Più specificamente, gli Stati legittimi garantiscono a tutti i loro cittadini più poveri un minimo di risorse, un reddito di base, quale che sia la sua forma, che li ponga al riparo dall’abiezione della miseria, e impediscono progressivamente ai più ricchi, attraverso l’instaurazione di un reddito massimo, di sprofondare nell’abiezione dell’estrema ricchezza oltrepassando un livello che vanificherebbe i princìpi di comune umanità e di comune socialità.

Considerazioni ecologiche:

L’Uomo non può ritenersi padrone e possessore della Natura, e ciò sulla base del presupposto che, lungi dall’opporvisi, deve trovare con essa, almeno metaforicamente, una relazione di dono/controdono.

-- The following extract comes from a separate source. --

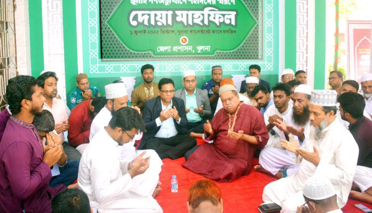 খুলনা জেলা প্রশাসনের আয়োজনে জুলাই গণঅভ্যুত্থানে শহীদদের স্মরণে দোয়া মাহফিল আজ (মঙ্গলবার) বাদজোহর কালেক্টরেট জামে মসজিদে অনুষ্ঠিত হয়। এতে প্রধান অতিথি ছিলেন খুলনার বিভাগীয় কমিশনার মোঃ ফিরোজ সরকার।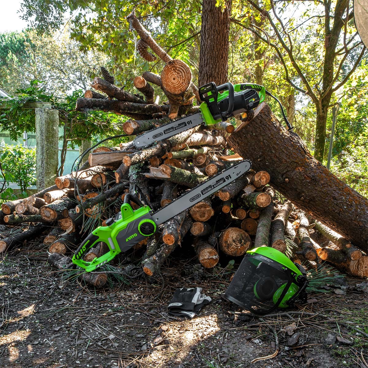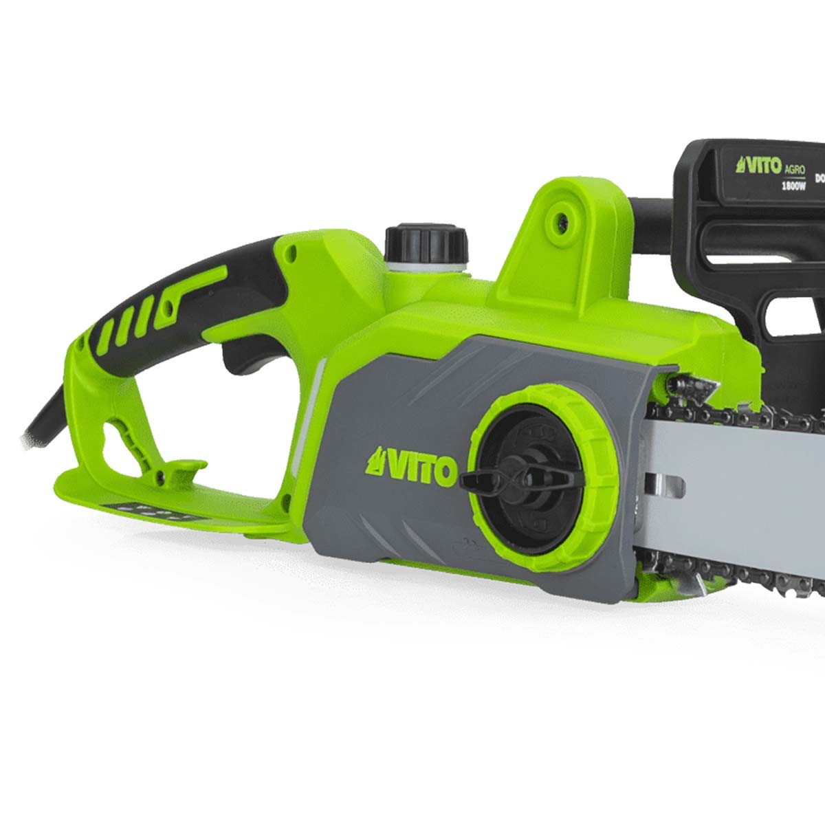 La tronçonneuse électrique VIE1800A de VITO délivre une puissance de 1800W pour une vitesse de rotation de 13.5 m/s. GUIDE OREGON. Elle possède une lame de 405 mm de longueur, dotée de 57 maillons avec un pas de 3/8".

Per lasciare alle generazioni future un patrimonio naturale protetto, deve, dunque, restituire alla Natura quanto o più di quello che egli prende o riceve da lei.

Considerazioni economiche:

Non esiste una correlazione accertata tra ricchezza monetaria o materiale da un lato e felicità o benessere dall’altro. La situazione ecologica del pianeta rende necessario ricercare tutte le forme possibili di una prosperità senza crescita. Perciò, è urgente, in una prospettiva di economia plurale, costruire un equilibrio tra Mercato, economia pubblica ed economia di tipo associazionistico (sociale e solidale), a seconda che i beni o i servizi da produrre siano individuali, collettivi o comuni.

Che fare ?

Non bisogna nascondersi che occorrerà affrontare potenze enormi e formidabili, sia finanziarie che materiali, tecniche, scientifiche, intellettuali, militari e criminali. Contro queste potenze colossali e spesso invisibili o non localizzabili, le tre armi principali saranno:

L’indignazione di fronte alla dismisura e alla corruzione, e la vergogna che è necessario far sentire a coloro che direttamente o indirettamente, in modo attivo o passivo, violano i princìpi di comune umanità e di comune socialità.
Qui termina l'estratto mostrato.